These trials were both small and short.  In addition most of the data they reported were not able to be used, and half of the trials were funded by the group supplying the trial medication. Therefore it is still not clear whether taking manufactured omega 3 or 6 improves overall functioning or mental state in people with schizophrenia.

(Plain language summary prepared for this review by Janey Antoniou of RETHINK, UK www.rethink.org)

Background

Description of the condition

Currently 45 million people worldwide suffer from schizophrenia (WHO 1998). The lifetime prevalence for this disabling mental illness is about one per cent, irrespective of race, gender, social class or country of origin (Jablensky 1992).

Abnormal neurotransmission has been found in those who suffer from schizophrenia (Heresco‐Levy 1998). Brain activity is the result of a highly complex transmission of an infinite amount of nervous impulses. Chemicals (neurotransmitters) conduct these impulses between the nerve cells (neurones), and any alteration in this neurotransmission ultimately has far‐reaching consequences for brain function.
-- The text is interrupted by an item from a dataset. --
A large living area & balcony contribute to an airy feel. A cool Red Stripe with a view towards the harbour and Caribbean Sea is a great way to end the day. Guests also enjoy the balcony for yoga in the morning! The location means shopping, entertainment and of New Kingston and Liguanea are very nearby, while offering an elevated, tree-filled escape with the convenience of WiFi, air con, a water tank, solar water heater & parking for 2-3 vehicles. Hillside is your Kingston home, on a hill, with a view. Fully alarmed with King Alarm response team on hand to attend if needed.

The mainstay of treatment for schizophrenia has been pharmacological; targeting neurotransmission within the brain. Most of the drugs used block various neurotransmitter sites within the brain. Although these compounds were first formulated in the 1950s, they are still in wide use today, and newer medications are refinements of the 'old generation' of drugs. Many people with schizophrenia have symptoms that are responsive to one or other of these drugs. Response, however, may often be partial, still leaving the sufferer disabled and unwell (Wiersma 1998).

Description of the intervention

There is now some evidence that dietary influences, particularly levels of essential fatty acids (EFAs), can also affect the occurrence and course of schizophrenia (Christensen 1998, Mellor 1995, Mellor 1996, Peet 2001a, Puri 1997). Such evidence, albeit limited, gives added support to an innovative hypothesis suggesting that the symptoms of schizophrenia may be the result of altered neuronal membrane structure and metabolism (Horrobin 1994).
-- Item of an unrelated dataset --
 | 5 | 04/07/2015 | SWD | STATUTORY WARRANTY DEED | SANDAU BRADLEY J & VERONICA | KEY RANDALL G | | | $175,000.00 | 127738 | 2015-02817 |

There are two types of EFAs, omega‐6 and omega‐3. Those of the omega‐6 type are found in soft margarine and substances such as vegetable oil. The second type, omega‐3, is abundant in oily fish such as mackerel and sardines. Other sources of EFAs are manufactured preparations such as fish oil and evening primrose oil capsules.
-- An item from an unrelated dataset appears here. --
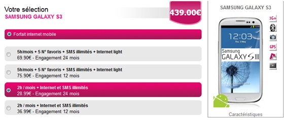 Du nouveau chez l'opérateur AfoneMobile, le tout dernier Smartphone Samsung GALAXY S3 (blanc 16Go) est désormais disponible avec le forfait 2 heures + Internet mobile et SMS illimités facturé 28.99€ par mois sur engagement de 24 mois ou 36.99€ sur engagement de 12 mois.

How the intervention might work

Neurotransmission is dependent on the structure and metabolism of neurotransmitter sites located in the neuronal membrane. As brain activity is dependent on an immeasurable number of neurotransmissions occurring at neurotransmitter sites, even a slight change in neuronal cell membrane metabolism could profoundly alter brain functioning and promote symptoms such as those seen in schizophrenia (Horrobin 1994).

In turn, neuronal cell membrane structure and metabolism itself is dependent on blood plasma levels of certain essential fatty acids (EFAs) and their hydroxy‐metabolites (Di Marzo 1992, Nunez 1993). EFAs are polyunsaturated fatty acids that are not synthesised by the body and therefore they are only available through diet. Several studies have shown that people with schizophrenia often have low levels of the particular EFAs necessary for normal nerve cell membrane metabolism ( Glen 1994, Horrobin 1991). Dietary supplementation of these EFAs is possible, and early uncontrolled, open studies suggest such supplementation may have a direct, positive, effect on the symptoms of schizophrenia (Mellor 1995, Mellor 1996). In addition, if membrane functioning has significant effects upon nerve impulse transmission, EFA supplementation may enhance the efficacy of currently available antipsychotic drugs already known to have a beneficial affect on altered neurotransmission.

Why it is important to do this review

Recently, more trials investigating the effects of EFA supplementation for schizophrenia have been completed. As more data becomes available, hopefully more useful evidence for this relatively simple treatment can be provided.

Objectives

To assess the effects of EFA supplementation of antipsychotic treatment for schizophrenia‐like illnesses.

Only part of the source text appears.